# Work request:
Reproduce the full listing below unchanged, apart from the pictures.
=== Exercise input ===
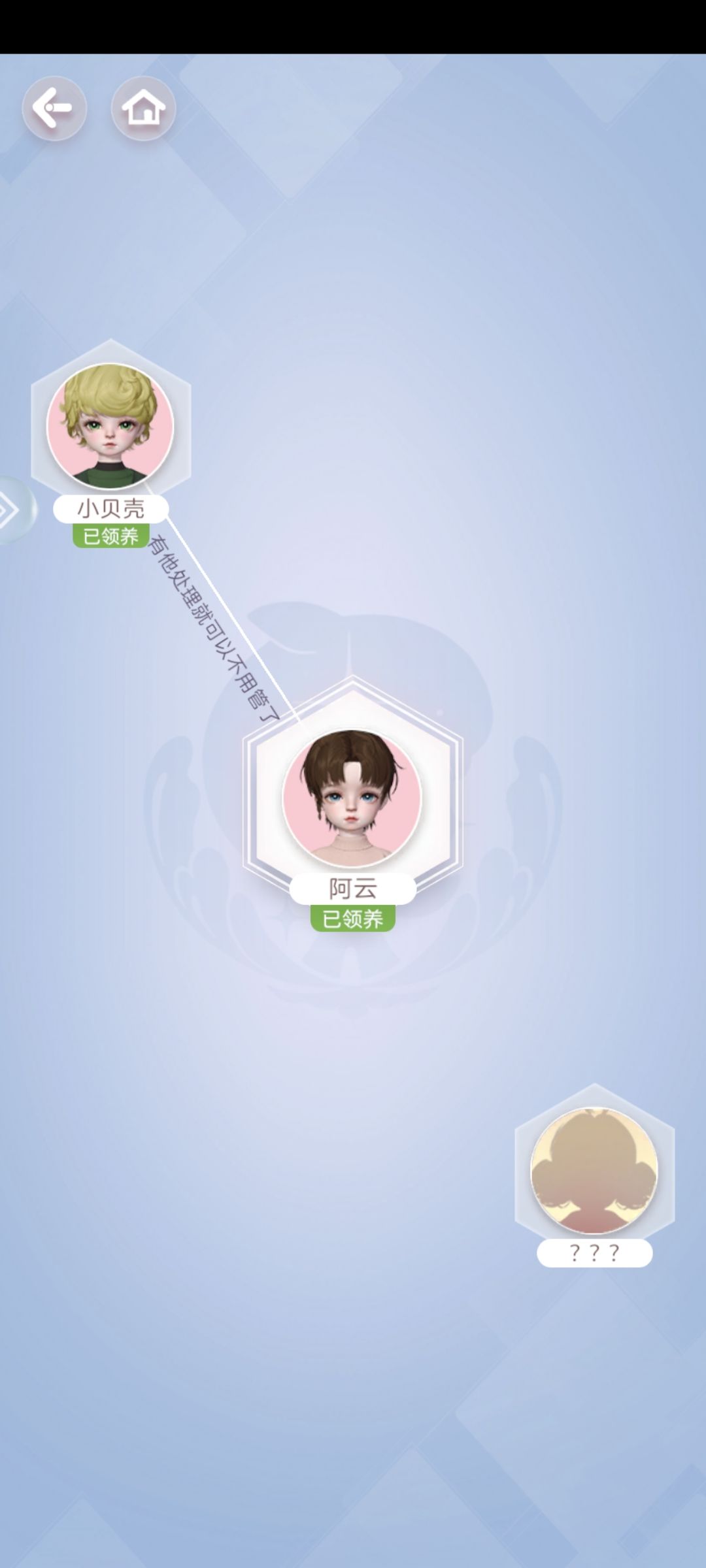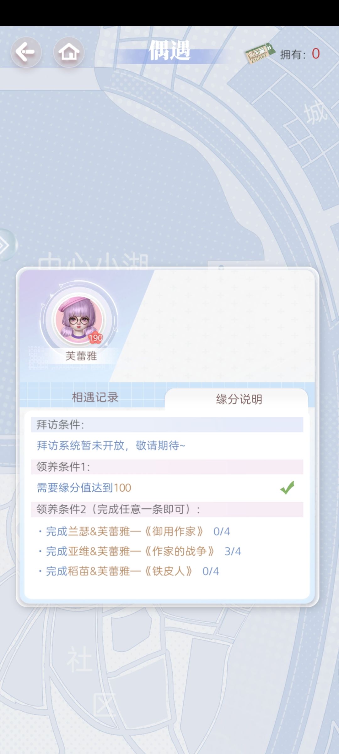 拜访建议选一个小偶寻访,然后一直选ta寻访,直到他的关系图全领养,目前不知道有没有保底这一说
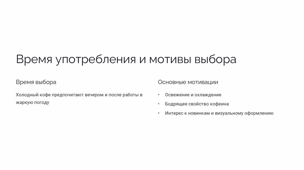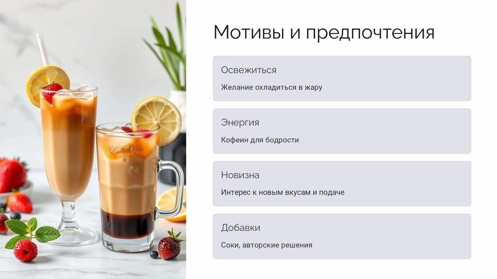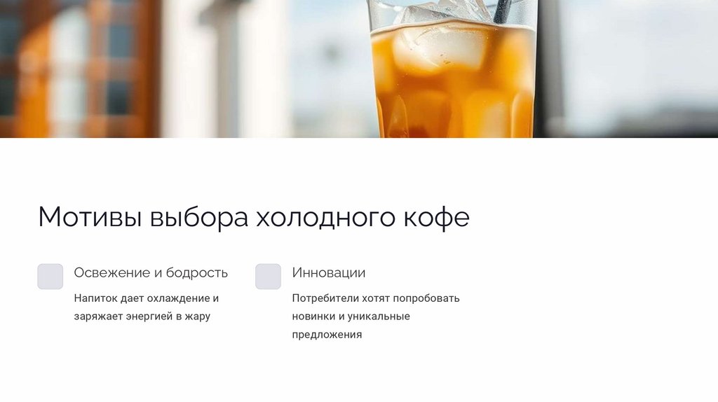 Мотивы выбора холодного кофеОсвежение и бодрость
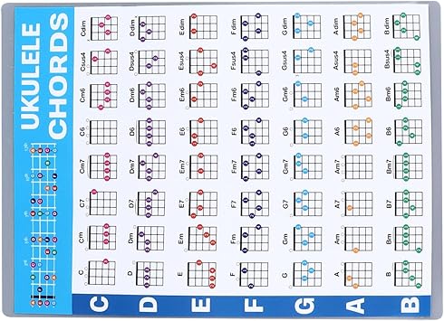 ZENGİN AKOR ÇİZELGELERİ: Bu ukulele akor tablosu, geniş yelpazede akor diyagramları sunarak öğrencilerin farklı akorlar için parmakları ve konumları hızlı bir şekilde kavramasını kolaylaştırır.
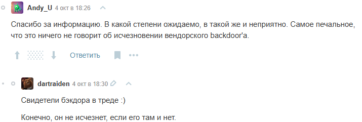 Ну а соевые выблядки шлюх с хабра которые собираются торговать наркотиками и взламывать банк ( sudo hack bank) и поэтому они очень переживают по поводу воображаемых бэкдоров у них в анусе пусть заткнут их анальной пробкой.
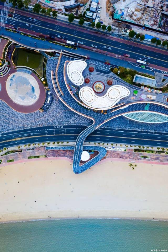 蓝海豚岛,总面积约10万平方米,整体采用“蚝贝”造型
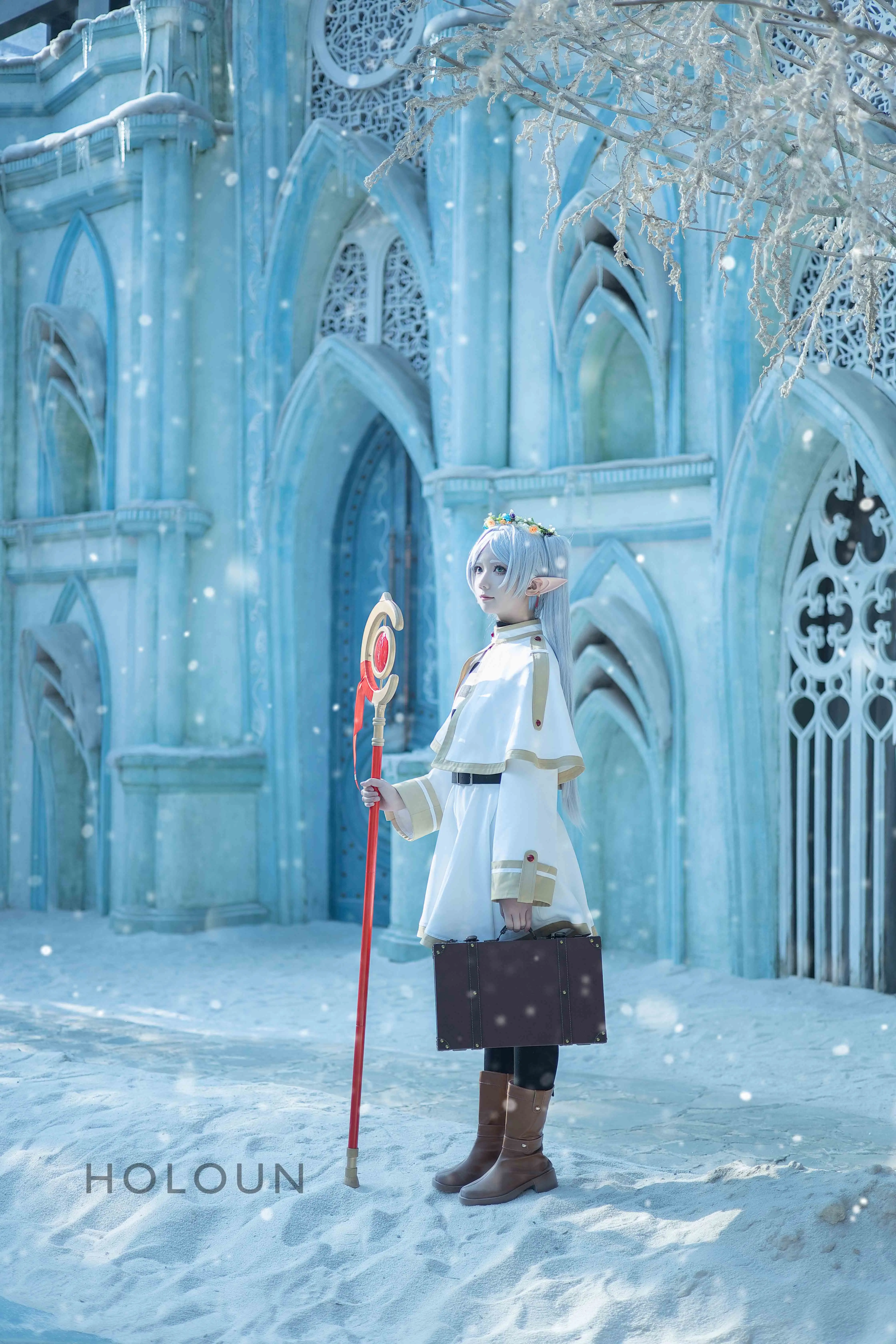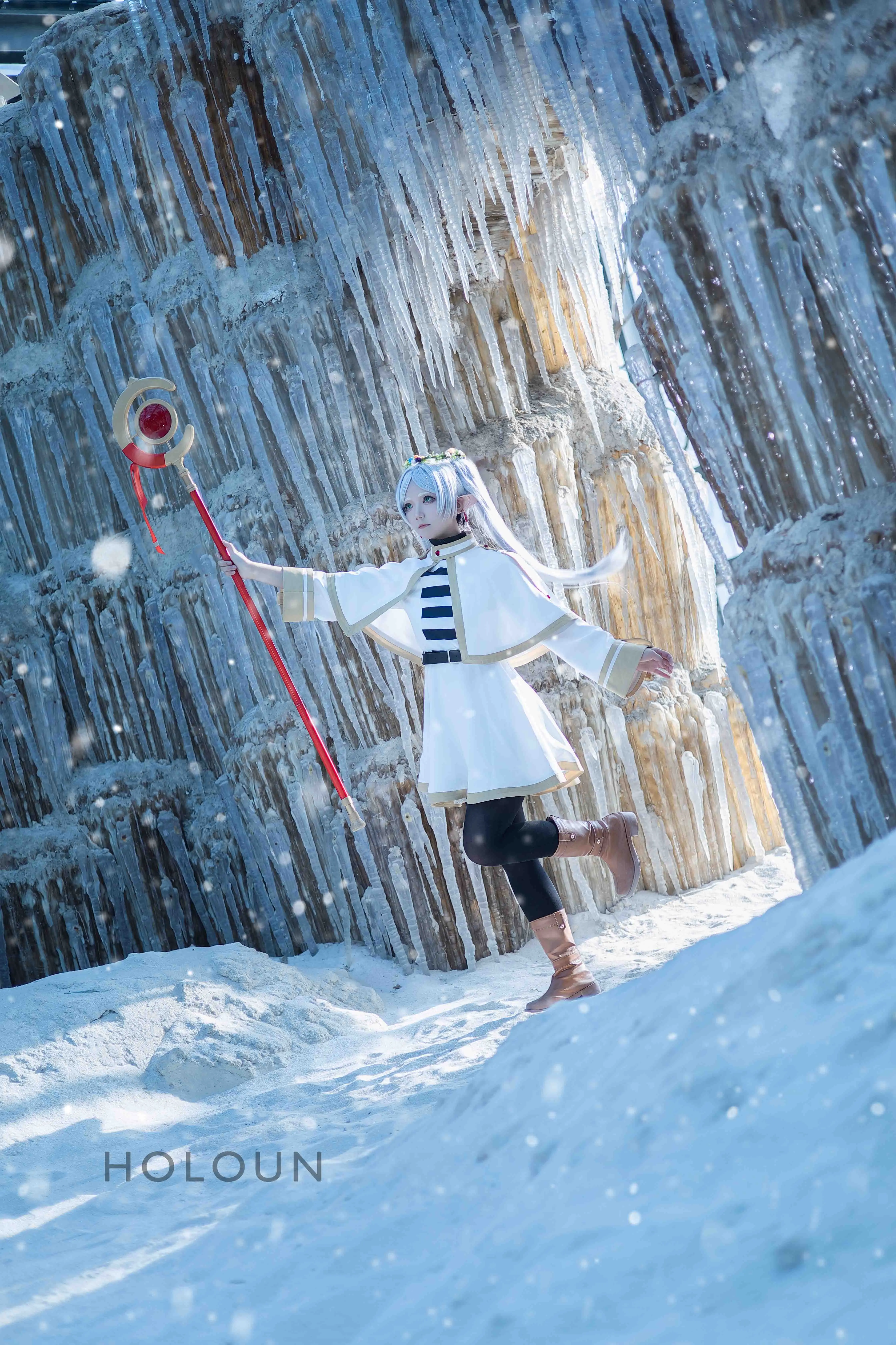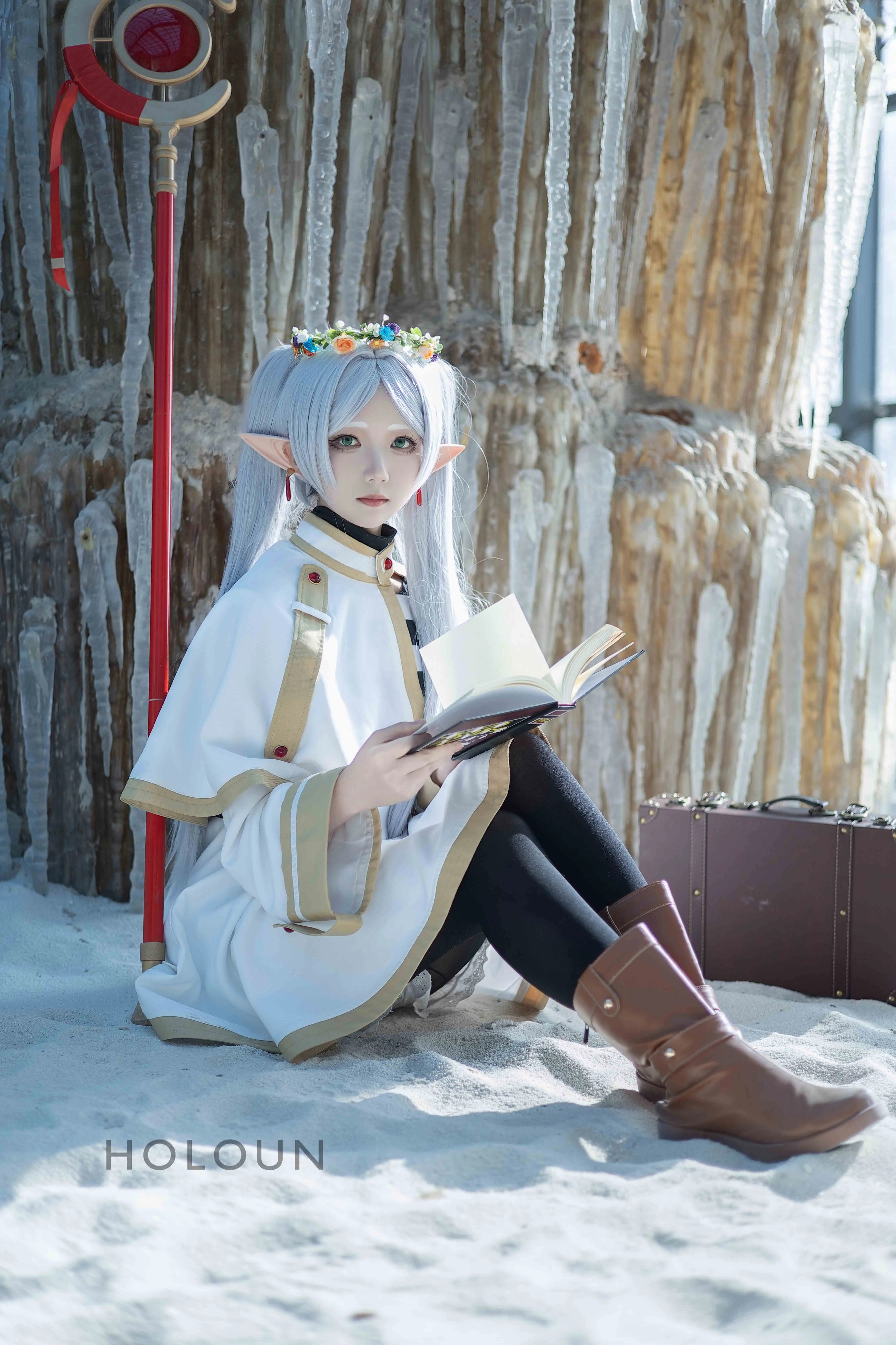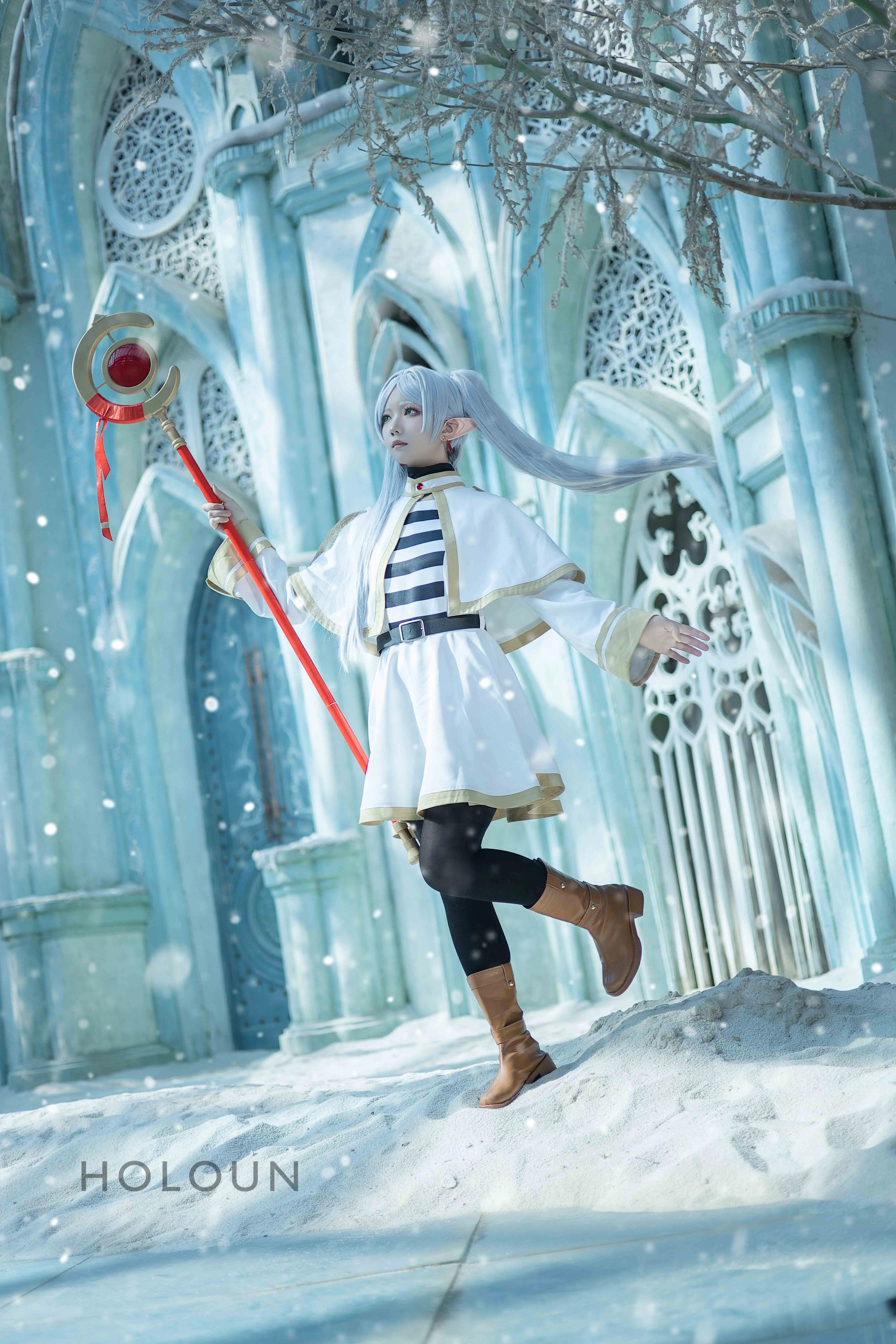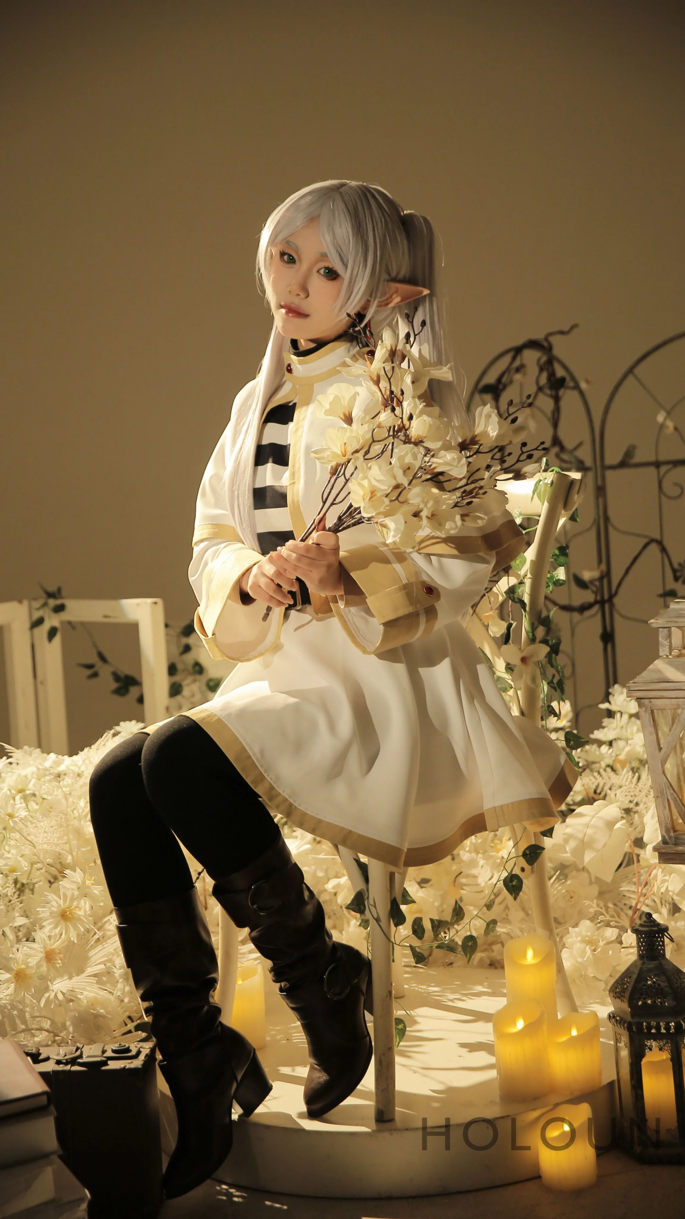 HOLOUN Frieren Beyond Journey's End Anime Frieren Cosplay Xale Manto Vestido Peruca Cinza Rabo de Cavalo Rosa Net Natal
===
# Answer space:
 拜访建议选一个小偶寻访,然后一直选ta寻访,直到他的关系图全领养,目前不知道有没有保底这一说
 Мотивы выбора холодного кофеОсвежение и бодрость
 ZENGİN AKOR ÇİZELGELERİ: Bu ukulele akor tablosu, geniş yelpazede akor diyagramları sunarak öğrencilerin farklı akorlar için parmakları ve konumları hızlı bir şekilde kavramasını kolaylaştırır.
 Ну а соевые выблядки шлюх с хабра которые собираются торговать наркотиками и взламывать банк ( sudo hack bank) и поэтому они очень переживают по поводу воображаемых бэкдоров у них в анусе пусть заткнут их анальной пробкой.
 蓝海豚岛,总面积约10万平方米,整体采用“蚝贝”造型
 HOLOUN Frieren Beyond Journey's End Anime Frieren Cosplay Xale Manto Vestido Peruca Cinza Rabo de Cavalo Rosa Net Natal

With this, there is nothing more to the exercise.